Working data:

####################

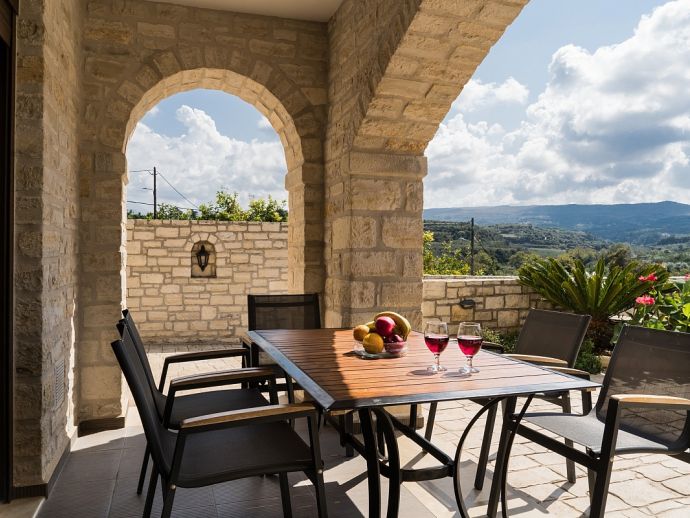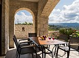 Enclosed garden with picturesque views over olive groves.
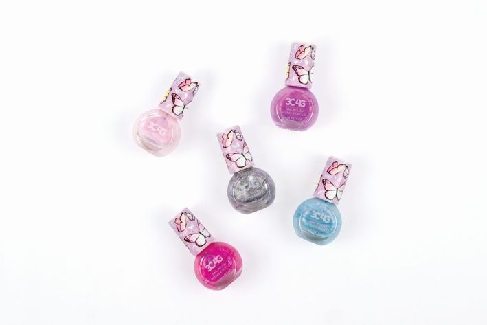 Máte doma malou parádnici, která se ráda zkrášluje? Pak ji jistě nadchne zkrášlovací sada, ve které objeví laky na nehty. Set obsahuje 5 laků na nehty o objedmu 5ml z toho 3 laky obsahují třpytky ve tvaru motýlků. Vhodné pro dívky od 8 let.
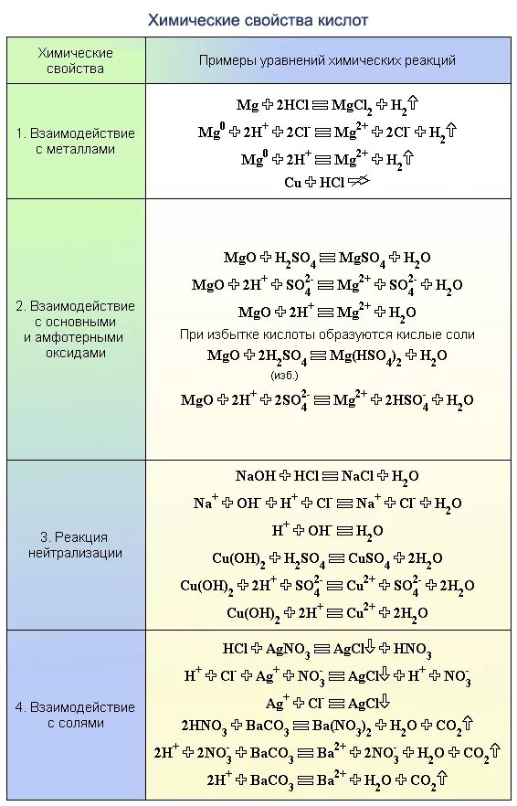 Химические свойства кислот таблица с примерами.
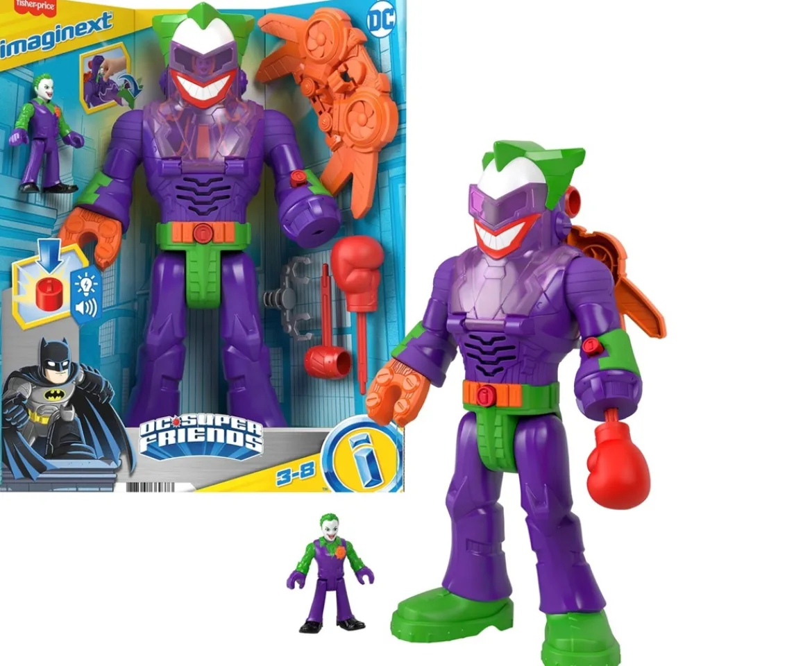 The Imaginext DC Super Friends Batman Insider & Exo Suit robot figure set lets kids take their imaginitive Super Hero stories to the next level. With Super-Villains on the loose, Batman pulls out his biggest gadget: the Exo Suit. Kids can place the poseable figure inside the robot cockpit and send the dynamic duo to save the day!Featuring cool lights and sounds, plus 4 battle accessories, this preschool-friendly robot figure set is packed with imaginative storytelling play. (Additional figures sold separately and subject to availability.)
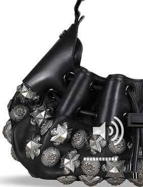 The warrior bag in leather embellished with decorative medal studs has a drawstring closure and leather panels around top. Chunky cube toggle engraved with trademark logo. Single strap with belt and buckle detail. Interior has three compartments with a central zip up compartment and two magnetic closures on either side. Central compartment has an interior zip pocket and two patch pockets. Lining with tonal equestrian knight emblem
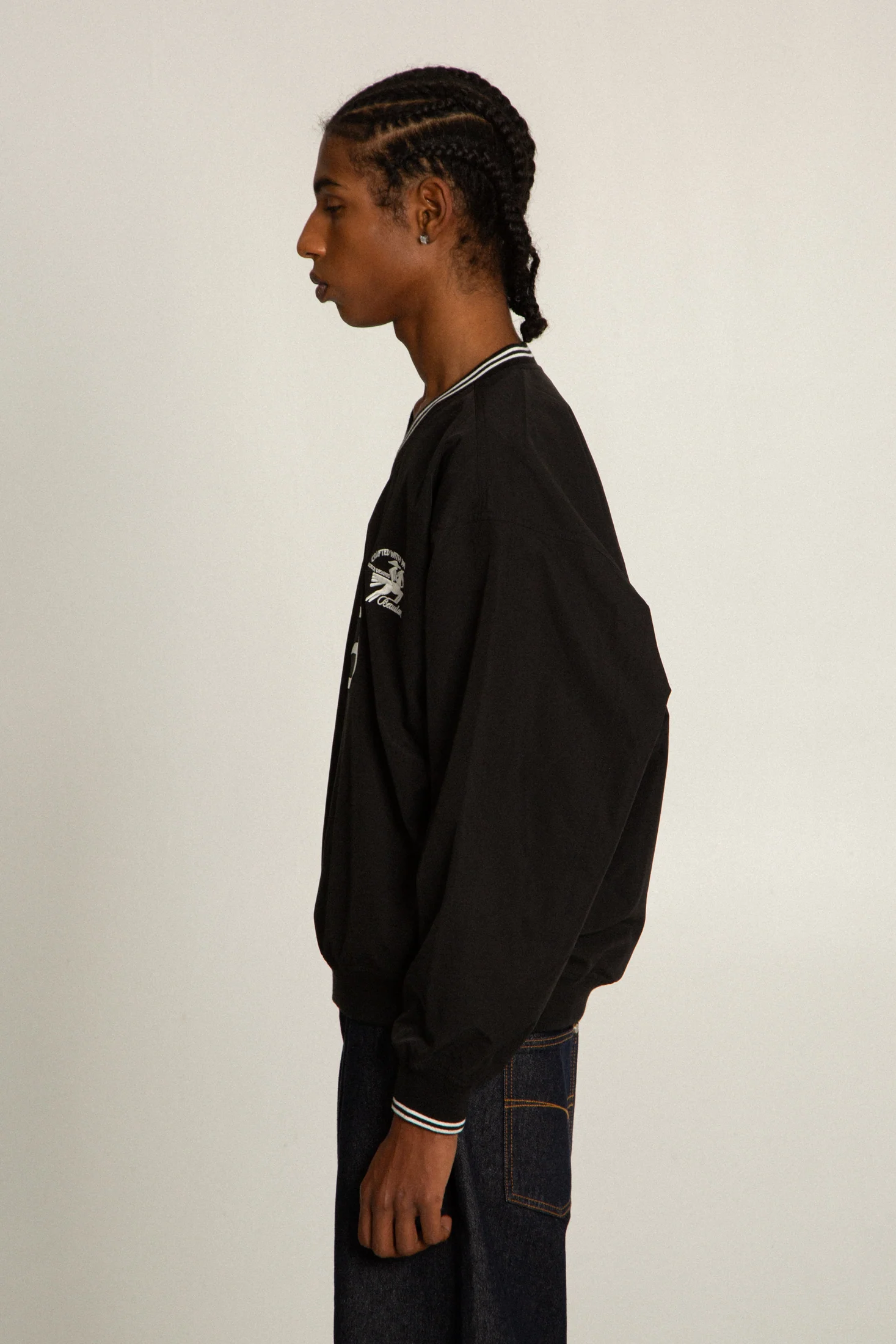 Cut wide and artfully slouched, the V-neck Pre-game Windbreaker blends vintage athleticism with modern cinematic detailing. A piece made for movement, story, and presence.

####################

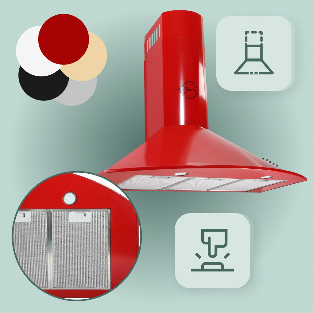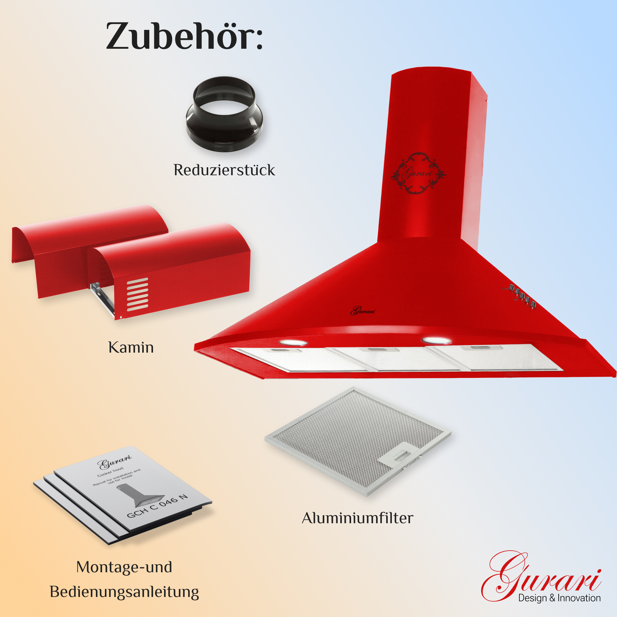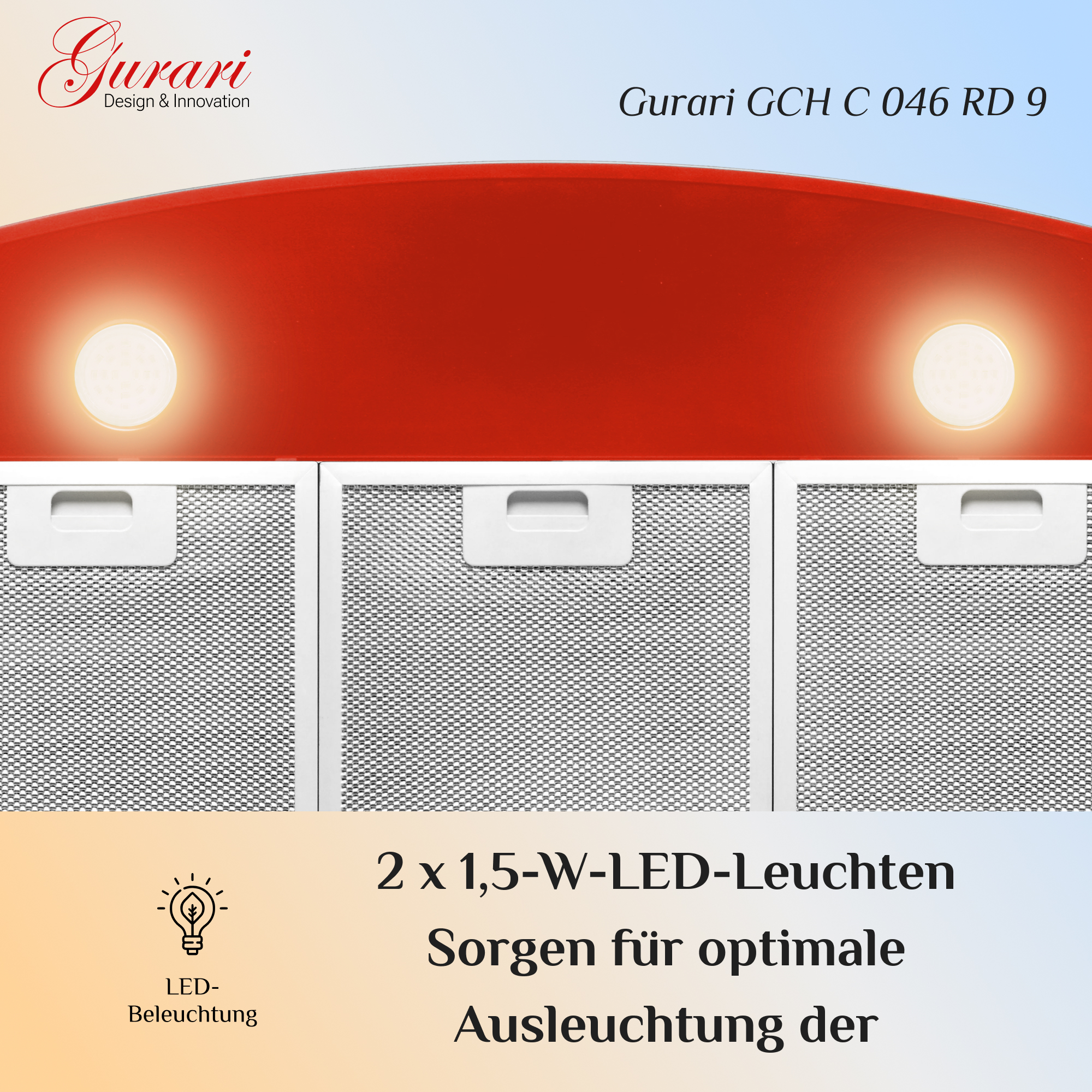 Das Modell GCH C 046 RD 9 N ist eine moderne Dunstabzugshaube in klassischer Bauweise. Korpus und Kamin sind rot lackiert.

####################

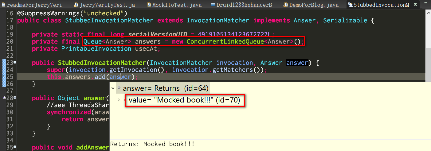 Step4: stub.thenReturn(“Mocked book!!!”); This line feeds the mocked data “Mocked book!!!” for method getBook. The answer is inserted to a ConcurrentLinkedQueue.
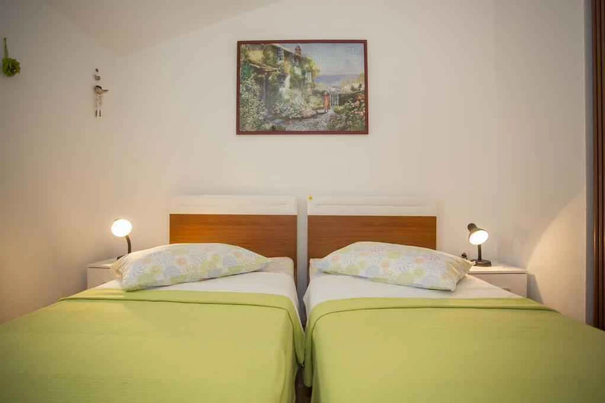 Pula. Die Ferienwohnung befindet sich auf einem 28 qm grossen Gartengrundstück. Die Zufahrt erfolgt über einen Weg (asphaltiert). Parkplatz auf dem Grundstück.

####################

Leave out the images and write out the lines above exactly, from the one with "Enclosed garden with" up to and including the one with "Cut wide and".

 Enclosed garden with picturesque views over olive groves.
 Máte doma malou parádnici, která se ráda zkrášluje? Pak ji jistě nadchne zkrášlovací sada, ve které objeví laky na nehty. Set obsahuje 5 laků na nehty o objedmu 5ml z toho 3 laky obsahují třpytky ve tvaru motýlků. Vhodné pro dívky od 8 let.
 Химические свойства кислот таблица с примерами.
 The Imaginext DC Super Friends Batman Insider & Exo Suit robot figure set lets kids take their imaginitive Super Hero stories to the next level. With Super-Villains on the loose, Batman pulls out his biggest gadget: the Exo Suit. Kids can place the poseable figure inside the robot cockpit and send the dynamic duo to save the day!Featuring cool lights and sounds, plus 4 battle accessories, this preschool-friendly robot figure set is packed with imaginative storytelling play. (Additional figures sold separately and subject to availability.)
 The warrior bag in leather embellished with decorative medal studs has a drawstring closure and leather panels around top. Chunky cube toggle engraved with trademark logo. Single strap with belt and buckle detail. Interior has three compartments with a central zip up compartment and two magnetic closures on either side. Central compartment has an interior zip pocket and two patch pockets. Lining with tonal equestrian knight emblem
 Cut wide and artfully slouched, the V-neck Pre-game Windbreaker blends vintage athleticism with modern cinematic detailing. A piece made for movement, story, and presence.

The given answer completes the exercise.